Authored by lebedev.ri on Oct 3 2020, 1:14 PM.

Details

Summary

(it was introduced in https://lists.llvm.org/pipermail/llvm-dev/2015-January/080956.html)

This canonicalization seems dubious.

Most importantly, while it does not create inttoptr casts by itself,
it may cause them to appear later, see e.g. D88788.

I think it's pretty obvious that it is an undesirable outcome,
by now we've established that seemingly no-op inttoptr/ptrtoint casts
are not no-op, and are no longer eager to look past them.
Which e.g. means that given

%a = load i32 
%b = inttoptr %a
%c = inttoptr %a

we likely won't be able to tell that %b and %c is the same thing.

We could of course try to cleanup the IR afterwards, by enhancing
the cast-of-load transform to deal with non-single-use loads,
and i even tried that already in D75505, as it was rightfully
pointed out, that is very much not compile-time free:
https://llvm-compile-time-tracker.com/compare.php?from=871d03a6751e0f82e210c80a881ef357c5633a26&to=782be5b99377b62e998e4157ddede0fa296664b5&stat=instructions

Thusly, i'd propose to simply not perform such a canonicalization.
The original motivational RFC does not state what larger problem that canonicalization
was trying to solve, so i'm not sure how this plays out in the larger picture.

Does anyone have any thoughts?

See https://bugs.llvm.org/show_bug.cgi?id=47592

Diff Detail

Event Timeline

lebedev.ri created this revision.Oct 3 2020, 1:14 PM
nlopes accepted this revision.Oct 3 2020, 2:58 PM

Love it, thanks!
This gets rid of a lot of type punning issues through load/store of integers.
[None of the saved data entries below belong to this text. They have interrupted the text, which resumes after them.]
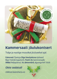 Lääne-Harju Muusika- ja Kunstide Kooli õpilased ja õpetajad ootavad teid kaunile jõulukontserdile.Kontsert toimub Nelipühi kirikus PAKRI 3, PALDISKI. Reedel, 12. detsemberil. Algus kl 18:00. Sissepääs
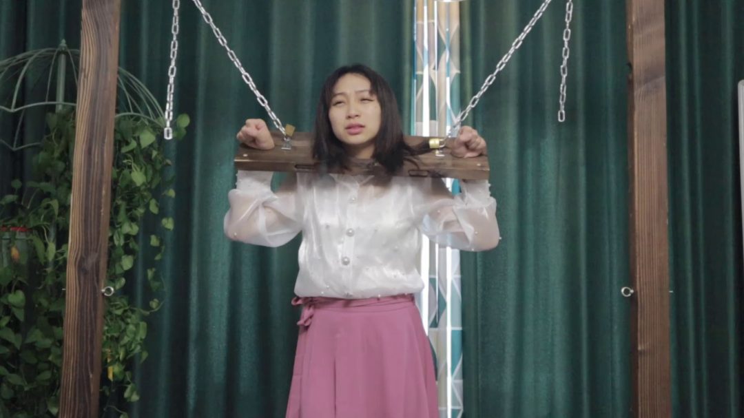 会所游记 (上集)温婉女子在会所参加体验各种调教 木枷束缚 鞭打 后手大字束缚
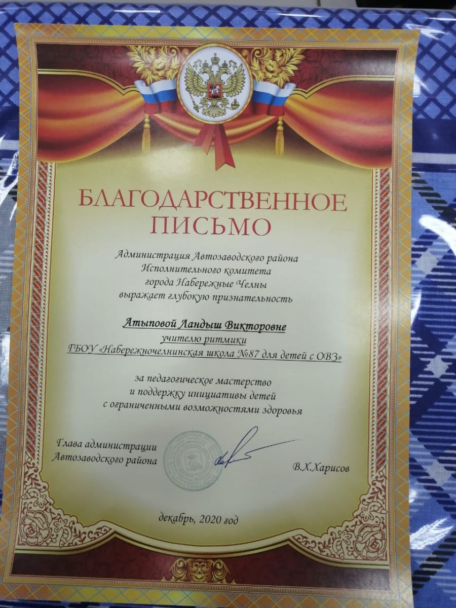 3 декабря 2020 года состоялось мероприятие по подведению итогов Декады инвалидов. учитель ритмики Атыпова Ландыш Викторовна была награждена грамотой за педагогическое мастерство и поддержку инициатвы детей с ОВЗ.

Not introducing inttoptr during optimization is a very healthy goal.

This revision is now accepted and ready to land.Oct 3 2020, 2:58 PM
nikic added a subscriber: nikic.Oct 4 2020, 12:54 AM

as it was rightfully pointed out, that is very much not compile-time free: https://llvm-compile-time-tracker.com/compare.php?from=871d03a6751e0f82e210c80a881ef357c5633a26&to=782be5b99377b62e998e4157ddede0fa296664b5&stat=instructions

Looks free to me?

In any case, this change looks reasonable to me. GVN has no problems deduplicating load/stores from different types (https://llvm.godbolt.org/z/5nTjWE), so I'm not sure what this canonicalization was useful for.

FWIW, I still very much feel that this is the correct canonicalization, and that downstream problems *must* be fixed downstream. Avoiding this canonicalization doesn't actually fix them, it just makes us less *aware* of the problems that still fundamentally exist. =[

That said, I'm not heavily involved in LLVM, and so if everyone currently involved thinks this is a good change, I'm not going to stand in the way. It just makes no sense to me.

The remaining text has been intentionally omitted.